4、通过Hive查看保存到Iceberg中的数据

启动Hive、Hive Metastore 在Hive中创建映射Iceberg的外表:

  1. CREATE TABLE flink_iceberg_tbl (
  2. id int,
  3. name string,
  4. age int,
  5. loc string
  6. )
  7. STORED BY 'org.apache.iceberg.mr.hive.HiveIcebergStorageHandler'
  8. LOCATION 'hdfs://mycluster/flink_iceberg/icebergdb/flink_iceberg_tbl'
  9. TBLPROPERTIES ('iceberg.catalog'='location_based_table');

注意:虽然loc是分区列,创建时忽略分区列就可以,此外映射表的路径要保持与保存Iceberg数据路径一致。

通过Hive查询对应的Iceberg表中的数据,结果如下:

  1. hive> select * from flink_iceberg_tbl;
  2. OK
  3. 2 ls 19 shanghai
  4. 3 ww 20 beijing
  5. 1 zs 18 beijing
  6. 4 ml 21 shanghai

二、​​​​​​​​​​​​​​DataStream API 批量/实时读取Iceberg表

DataStream API 读取Iceberg表又分为批量读取和实时读取。
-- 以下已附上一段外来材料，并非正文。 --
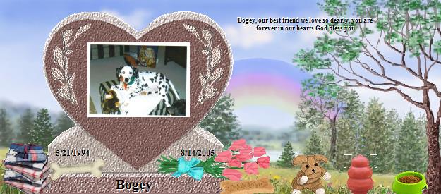 Bogey - what a sweetheart you were to the family! Send them some kisses from the Rainbow to let them know that you are safe, happy, healthy and have made many fur friends. Let mom and dad know that God has appointed you to be their guardian, protector to watch over them until they are called to the Bridge to join you one day. I will tell my Brande to find you and play with you. To Judy - I send my sincere regrets over the loss of Bogey. I too lost my soulmate not long ago, see Brande

通过方法“streaming(true/false)”来控制。

1、批量/全量读取

  1. import org.apache.flink.api.common.functions.MapFunction;
  2. import org.apache.flink.streaming.api.datastream.DataStream;
  3. import org.apache.flink.streaming.api.environment.StreamExecutionEnvironment;
  4. import org.apache.flink.table.data.RowData;
  5. import org.apache.hadoop.conf.Configuration;
  6. import org.apache.iceberg.flink.TableLoader;
  7. import org.apache.iceberg.flink.source.FlinkSource;
  8. /**
  9. * 使用DataStream Api 批量/实时 读取Iceberg 数据
  10. */
  11. public class StreamAPIReadIceberg {
  12. public static void main(String[] args) throws Exception {
  13. StreamExecutionEnvironment env = StreamExecutionEnvironment.getExecutionEnvironment();
  14. //1.配置TableLoader
  15. Configuration hadoopConf = new Configuration();
  16. TableLoader tableLoader = TableLoader.fromHadoopTable("hdfs://mycluster/flink_iceberg/icebergdb/flink_iceberg_tbl", hadoopConf);
  17. //2.从Iceberg中读取全量/增量读取数据
  18. DataStream<RowData> batchData = FlinkSource.forRowData().env(env)
  19. .tableLoader(tableLoader)
  20. //默认为false,整批次读取,设置为true 为流式读取
  21. .streaming(false)
  22. .build();
  23. batchData.map(new MapFunction<RowData, String>() {
  24. @Override
  25. public String map(RowData rowData) throws Exception {
  26. int id = rowData.getInt(0);
  27. String name = rowData.getString(1).toString();
  28. int age = rowData.getInt(2);
  29. String loc = rowData.getString(3).toString();
  30. return id+","+name+","+age+","+loc;
  31. }
  32. }).print();
  33. env.execute("DataStream Api Read Data From Iceberg");
  34. }
  35. }

结果如下:

2、实时读取

  1. //当配置 streaming参数为true时就是实时读取
  2. DataStream<RowData> batchData = FlinkSource.forRowData().env(env)
  3. .tableLoader(tableLoader)
  4. //默认为false,整批次读取,设置为true 为流式读取
  5. .streaming(true)
  6. .build();

修改以上代码并启动,向Hive 对应的Iceberg表“flink_iceberg_tbl”中插入2条数据:

在向Hive的Iceberg表中插入数据之前需要加入以下两个包:

  1. add jar /software/hive-3.1.2/lib/iceberg-hive-runtime-0.12.1.jar;
  2. add jar /software/hive-3.1.2/lib/libfb303-0.9.3.jar;

向Hive 中Iceberg 表插入两条数据

  1. hive> insert into flink_iceberg_tbl values (5,'s1',30,'guangzhou'),(6,'s2',31,'tianjin');

插入完成之后,可以看到Flink 控制台实时读取到对应数据

三、​​​​​​​​​​​​​​指定基于快照实时增量读取数据

以上案例我们发现Flink将表中所有数据都读取出来,我们也可以指定对应的snapshot-id 决定基于哪些数据增量读取数据。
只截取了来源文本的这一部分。